Understanding Medicaid Home and Community Services: A Primer, 2010 Edition. Use of Representatives


All individuals, regardless of their impairments, can be successful in directing their services with the proper supports. People with serious illnesses and those with cognitive impairment--including impairment due to dementia, stroke, traumatic brain injury, and developmental disabilities--are capable of expressing preferences, but may need assistance to manage their services and budget. Most participant direction programs permit participants to designate a representative to assist them in these tasks.
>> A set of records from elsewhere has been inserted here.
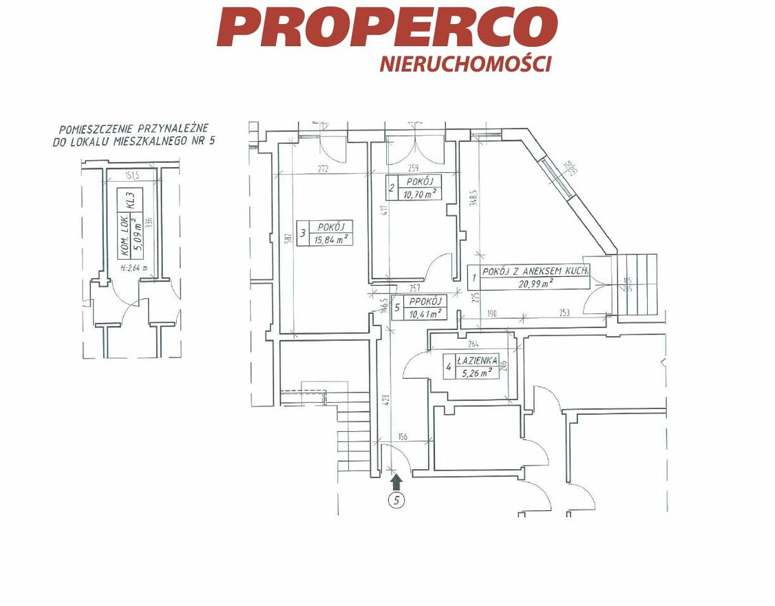Do mieszkania przynależy komórka lokatorska o pow. 5,09 m2.
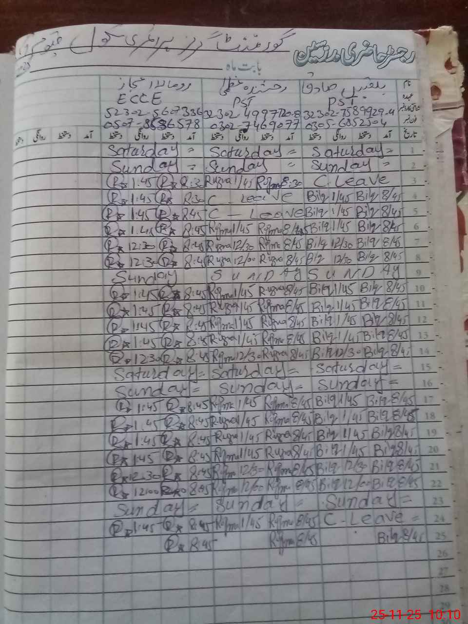 | Name: Bi**** Sa**** Designation: (School Headmaster's/Headmistress's) pst Phone/Cell Number: 03**** |
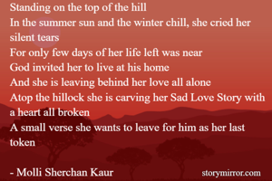 Atop the hillock she is carving her Sad Love Story with a heart all broken
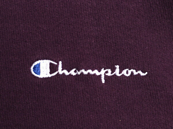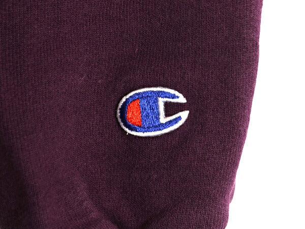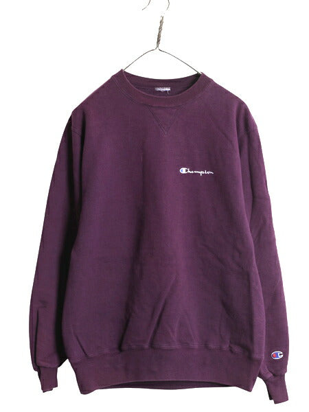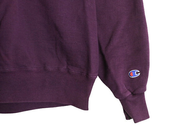 90s チャンピオン ワンポイント スウェット メンズ レディース М 程/ オールド 裏起毛 トレーナー 前V スクリプト ロゴ刺繍 シンプル 紫
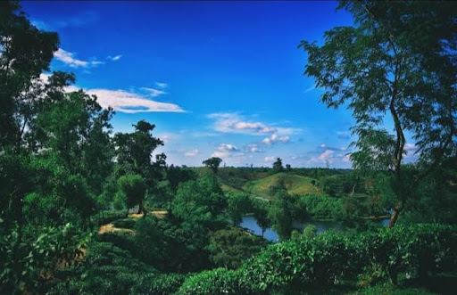 Madhabpur Lake, nestled amidst towering hills on all sides, is truly breathtaking. It is located about 40 kilometers south of Moulvibazar town and 10 kilometers east of Sreemangal. The shimmering waters of the lake, the serene and shaded environment, and the presence of water lilies and lotus flowers enhance its enchanting beauty. As you move forward, the more you explore, the more delightful it becomes. Upon arriving at Madhabpur Lake, the scent of green leaves immediately lifts your spirits. Surrounded by lush green hills and high ridges, the even rows of tea plants in the flat tea gardens create a magical, nature-painted landscape. The blue sky and deep green hills, along with the scenic beauty of the tea gardens, resemble a painting by a master artist, drawing you into another world.

Representatives can ensure that participants’ preferences are known and respected and can manage tasks that participants would perform if they were able.

Some programs allow participants to use representatives without formally designating them as such, but have criteria that individuals must meet to be a representative, such as demonstrating a strong commitment to the participant’s well-being and being interested in and able to carry out program responsibilities and requirements.56 Although formal designation requires individuals to complete a form acknowledging acceptance of the duties and responsibilities of a representative, there is no legal transfer of authority or responsibility with respect to personal decision making or financial matters from the participant to the representative (as would be the case if an individual were to grant power-of-attorney or a court were to appoint a guardian.)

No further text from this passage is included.